Edited by John Linarelli
Chapter 8: Global social justice at the WTO? The role of NGOs in constructing global social contracts
A peculiar phenomenon afflicts global governance: while individuals make countless personal contracts with others and even with their states, a global level set of contracts between citizens and international organizations for the significant amount of international policy-making that impacts citizens on a daily basis does not exist. For example, inter- national organizations have developed policies to address a wide range of global issues such as Severe Acute Respiratory Syndrome (SARS), terrorism, nuclear proliferation and trade liberalization, but ordinary citizens are largely excluded from participating in the global governance of these issues. There is effectively no global level social contract involving international agencies, nation-states, and citizens. This deficiency contributes to legitimacy problems in global level policy-making that decrease the effectiveness of both policy processes and outcomes.
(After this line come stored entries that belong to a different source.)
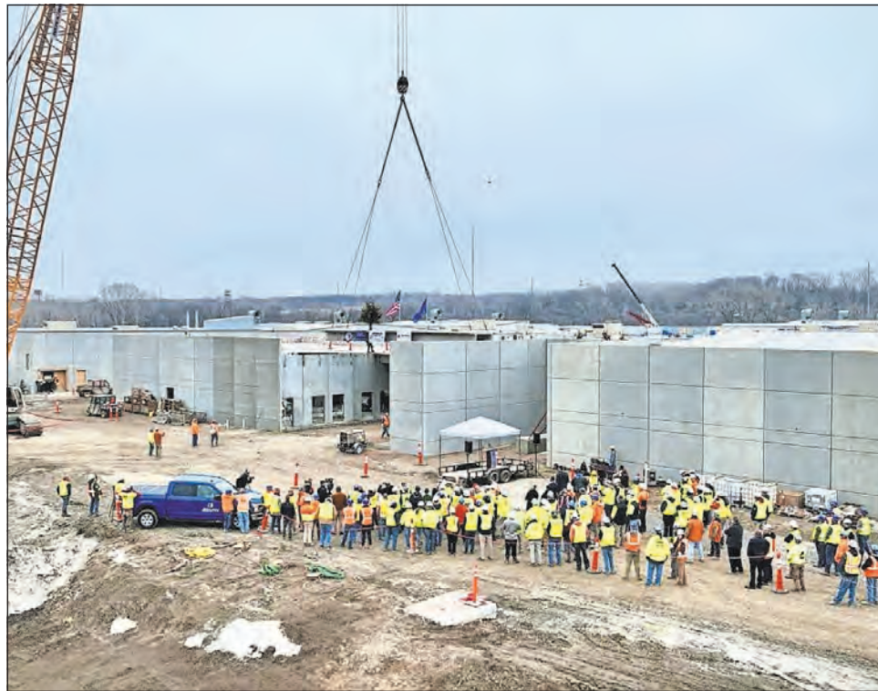
A new $301 million, 1,000-bed Jackson County jail currently under construction is expected to be operable later this year. KCMO opted to construct a separate facility citing the needs for their detainees to have services focused on stabilization and reentry support.

Mayor Quinton Lucas backs the renewal, calling it part of a comprehensive approach to public safety. The Greater Kansas City Chamber of Commerce and the Civic Council of Greater Kansas City have endorsed the measure.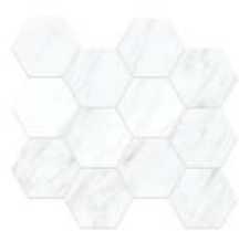
3.25" Hexagon Mosaic on 10"x11.5" Sheet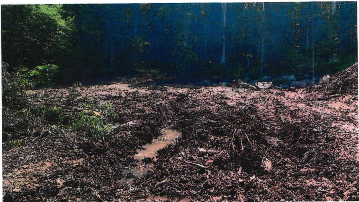
Photo 8 facing south, after walking further into the property away from the guest houses of the Copper Beech Inn. Standing water visible where tracks from the machinery exist. Photo taken June 2, 2023 by Carey Duques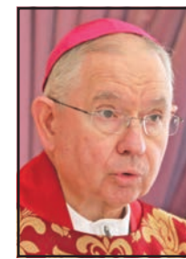
Archbishop José H. Gomez

BALTIMORE (CNS)—In a Mass on Nov. 14 to mark the opening of the 2022 fall general assembly of the U.S. Conference of Catholic Bishops

It highlights the international political context in which non-governmental organizations (NGOs) conduct protests against the economic policies of the World Trade Organization (WTO) and advocate a global social contract, or more precisely, a series of global social contracts involving civil society, governments and business actors. A number of scholars have conceptualized the notion of a global social contract as a consent-based agreement to regulate corporate practice, a global redistribution scheme, or a contract to establish an equilibrium between the rights of capital and the social rights of workers. However, critics remain pessimistic about the emergence of global social contracts between civil society, international institutions and business actors.